I was writing a singly-linked list in C and cannot understand this following code.

#include <stdlib.h>

typedef struct ListNode {
  int val;
  struct ListNode* next;
} ListNode;

int main() {
  /*Say I allocate this list to say 1->2->3->4->NULL*/
  ListNode* node = malloc(sizeof(ListNode));
  ListNode* n1 = node; // An ordinary pointer
  ListNode* n_heap = malloc(sizeof(ListNode)); // A heap allocated pointer
  n_heap = node->next; // 2->3->4->NULL
  n1->next = NULL;
}

Now from the above example, I had assumed that n_heap to be NULL as well. But even after n1->next = NULL;, n_heap is still 2->3->4->NULL. So is the node->next copied to n_heap? or is it that n_heap now points to the original heap located node->next, and the n1->next now set to NULL? Does this mean node wasn't initially the owner of node->next data?

CodePudding user response：

int main() {
  /*Say I allocate this list to say 1->2->3->4->NULL*/
  ListNode* node = malloc(sizeof(ListNode));

node is a pointer to dynamically allocated data. On a C implementation with a stack / heap distinction, that will be on the heap.

  ListNode* n1 = node; // An ordinary pointer

n1 now points to the same dynamically-allocated data that node does. It is no more or less "ordinary" than node is.

  ListNode* n_heap = malloc(sizeof(ListNode)); // A heap allocated pointer

(On success) n_heap points to different dynamically allocated data. The pointer itself has the same scope and storage duration as node and n1, and is exactly as "ordinary" as they are.

  n_heap = node->next; // 2->3->4->NULL

Now the memory to which n_heap previously pointed is leaked, because no pointers to it remain. n_heap points to the same memory that node->next does. Which is the same memory that n1->next does.

  n1->next = NULL;

Now the value of the pointer object accessible as n1->next (and also as node->next) is set to NULL. This has no effect on the data to which that pointer object previously pointed, nor on variable n_heap, which still points to the data in question.

}

Now from the above example, I had assumed that n_heap to be NULL as well. But even after n1->next = NULL;, n_heap is still 2->3->4->NULL.

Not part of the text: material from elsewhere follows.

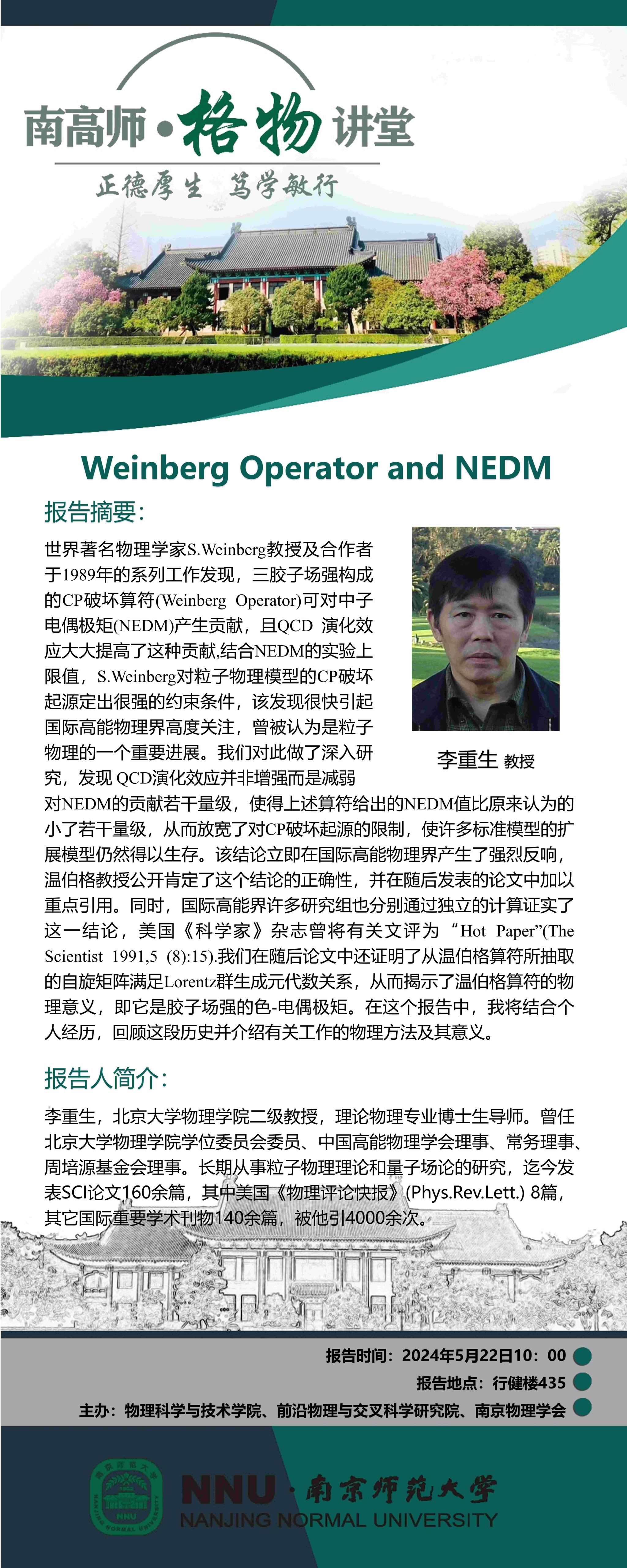 【学术预告】“南高师·格物讲堂”Weinberg Operator and NEDM--李重生教授

You are failing to distinguish between pointer objects and the objects to which their values point. Assigning NULL to n1->next sets the value of one pointer object. It does nothing to the object to which the old pointer value pointed. It does nothing to other, distinct points to the same object. And on the other hand, n_heap is not 2->3->4->NULL, It is a pointer distinct from all those nodes, whose value points to the node containing 2.

So is the node->next copied to n_heap?

Yes, that's what an assignment does, but not in the sense I think you mean. Again, assigning n_heap = node->next copies the pointer value stored in node->next to n_heap. Those two distinct pointer objects then both contain values pointing to the same data.

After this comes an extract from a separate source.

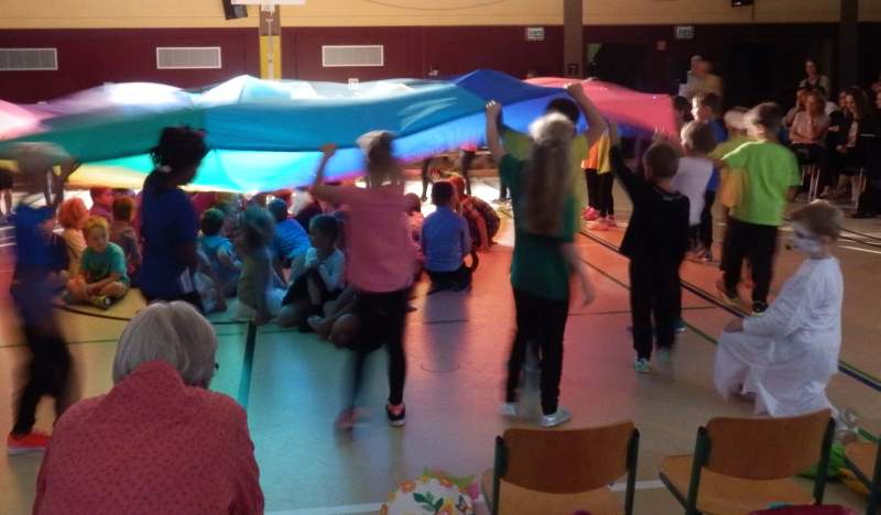 Zum Schluss wurden die Erstklässler unter den großen bunten Fallschirm eingeladen und mit einem vergnügten Lied in der Schulgemeinschaft
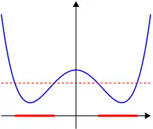 In mathematics, a quasiconvex function is a real-valued function defined on an interval or on a convex subset of a real vector space such that the inverse image of any set of the form is a convex set. For a function of a single variable, along any stretch of the curve the highest point is one of the endpoints. The negative of a quasiconvex function is said to be quasiconcave.

or is it that n_heap now points to the original heap located node->next, and the n1->next now set to NULL?

Yes and no. Again, neither the object designated by n_heap nor the onje designated by node->next contain the data you are describing as 2->3->4->NULL. Instead, they both contain the address of the node containing the first of those values.

Does this mean node wasn't initially the owner of node->next data?

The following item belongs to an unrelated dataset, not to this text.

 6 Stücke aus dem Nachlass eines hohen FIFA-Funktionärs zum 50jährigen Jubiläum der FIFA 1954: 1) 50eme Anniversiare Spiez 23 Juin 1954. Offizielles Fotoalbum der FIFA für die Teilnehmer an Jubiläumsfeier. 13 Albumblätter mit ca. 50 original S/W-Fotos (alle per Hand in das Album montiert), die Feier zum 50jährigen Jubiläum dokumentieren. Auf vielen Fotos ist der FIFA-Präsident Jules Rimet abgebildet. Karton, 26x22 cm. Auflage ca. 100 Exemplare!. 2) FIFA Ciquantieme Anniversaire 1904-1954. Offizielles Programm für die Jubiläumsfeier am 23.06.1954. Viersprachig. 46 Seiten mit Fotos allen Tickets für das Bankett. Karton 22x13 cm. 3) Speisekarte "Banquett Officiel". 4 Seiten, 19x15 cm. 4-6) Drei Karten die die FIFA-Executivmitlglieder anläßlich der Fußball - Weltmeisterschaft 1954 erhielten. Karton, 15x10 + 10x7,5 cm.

It depends on what you mean by "owner". Certainly neither node nor *node is a container of the data to which node->next points. As the term "owner" is usually applied to pointers, it is about responsibility for freeing the pointed to data, not about storage layout. Responsibility to free is a question of data and control flow in the program, not a property of the data itself.